We propose a general approach to estimating functionals of discrete distributions, and illustrate its efficacy by analyzing the cases of estimating the Shannon entropy H(P) and the alpha-moment of the distribution, based on n i.i.d. samples from the unknown discrete distribution P with support size S. The resulting estimators achieve the minimax L2 rates in all regimes, including those where the support size S grows with n. They have linear complexity and do not assume knowledge of S. The performance of these estimators with n samples turns out to be essentially that of the respective Maximum Likelihood Estimators (MLE) with n log n samples. Approximation theory plays key roles in analyzing the MLE (the plug-in rule for functional estimation), and in both the construction and analysis of the minimax rate-optimal estimators. As corollaries, we show how our results are consistent with other recent results, such as the optimal sample complexity n = \Theta(S/log S) for entropy estimation, first discovered by Valiant and Valiant in 2011.
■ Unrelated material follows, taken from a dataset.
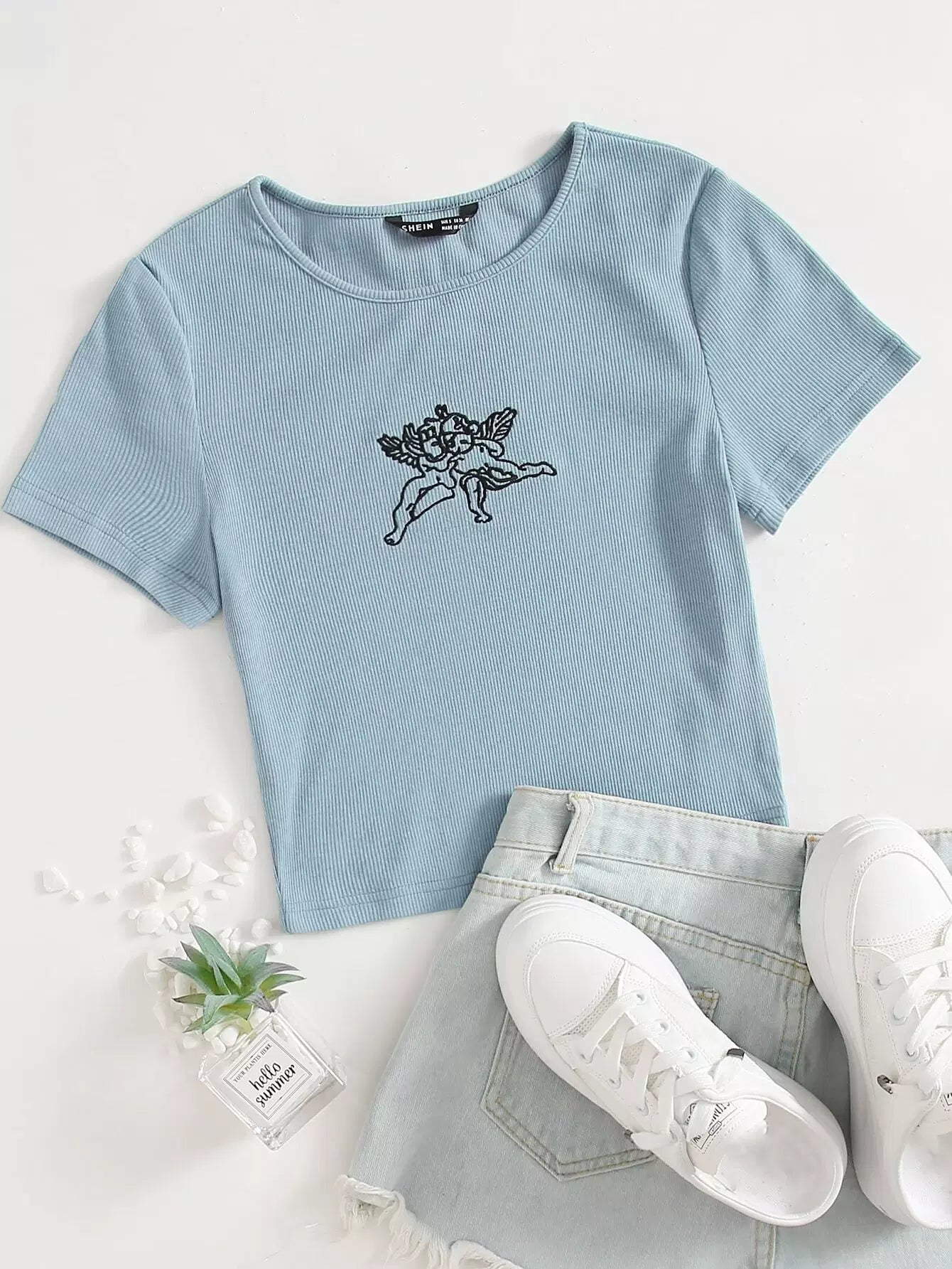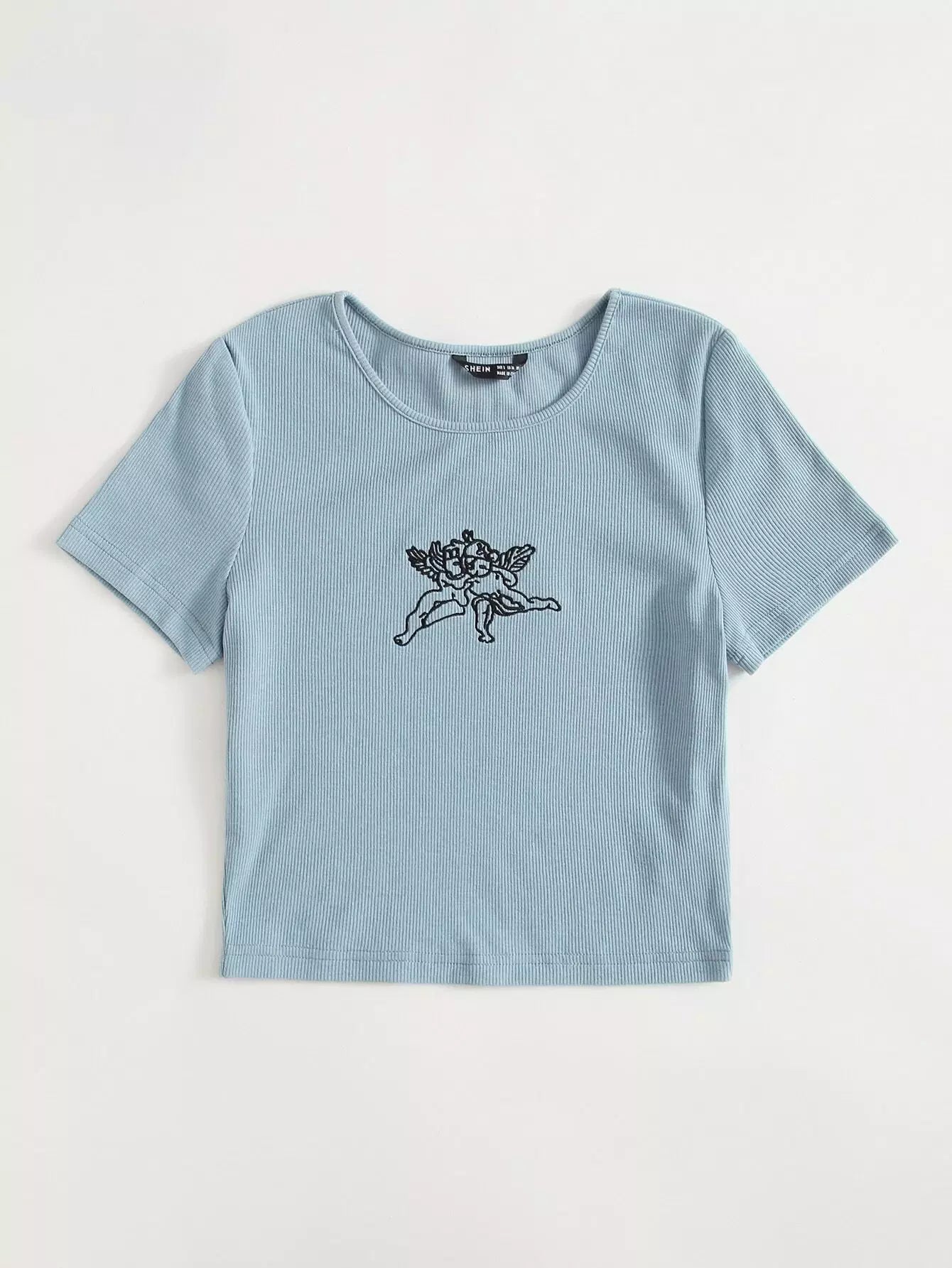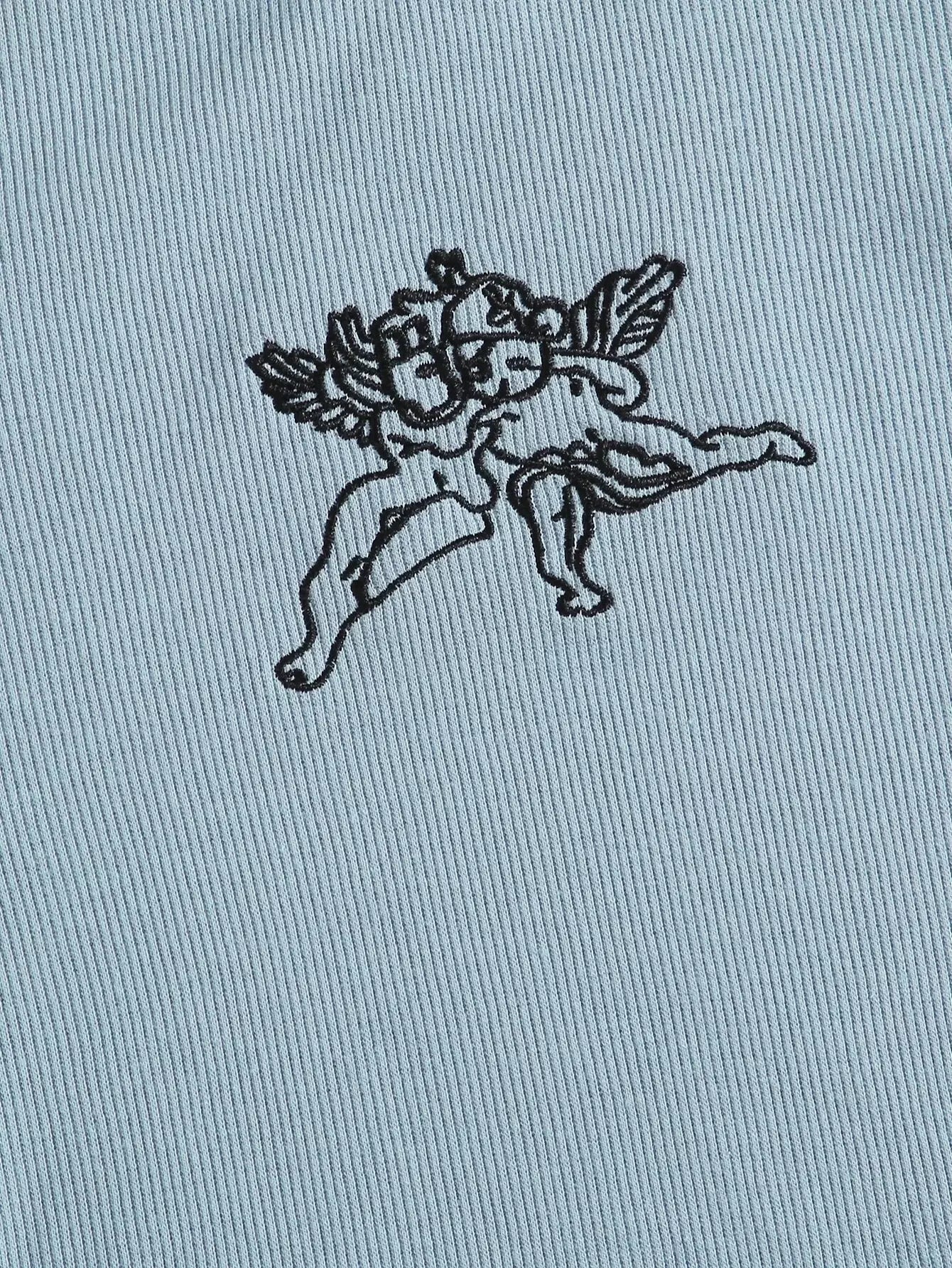 بلوزة قصيرة محبوكة بتطريزات ملاك بتطريزات مضلعة

Furthermore, we show that our entropy estimator is an adaptive estimator in the sense that it achieves the minimax rates simultaneously over a nested sequence of subsets of distributions P, without knowing the support size S or which subset P lies in. Each subset is characterized by an upper bound on the distribution entropy. We also characterize the maximum risk of the MLE over this nested sequence, and show, for every subset in the sequence, that the performance of the minimax rate-optimal estimator with n samples is still essentially that of the MLE with n log n samples.
We discuss the extension of our approach to estimating divergence functions, such as the total variation distance. We demonstrate that the construction is far more complicated than the univariate case, and showcase a general interpretation of our methodology in estimating functionals in arbitrary statistical models.
We highlight the practical advantages of our schemes for the estimation of entropy and mutual information. We compare our performance with various existing approaches, and demonstrate that our approach reduces running time and boosts the accuracy. Moreover, we show that the minimax rate-optimal mutual information estimator leads to significant performance boosts over the Chow–Liu algorithm in learning graphical models. Given the wide applicability of information measure estimation, we believe that the new insights and near optimal estimators have the potential for far reaching applications.
Based on joint work with Kartik Venkat (Stanford EE), Yanjun Han (Tsinghua University), and Tsachy Weissman (Stanford EE).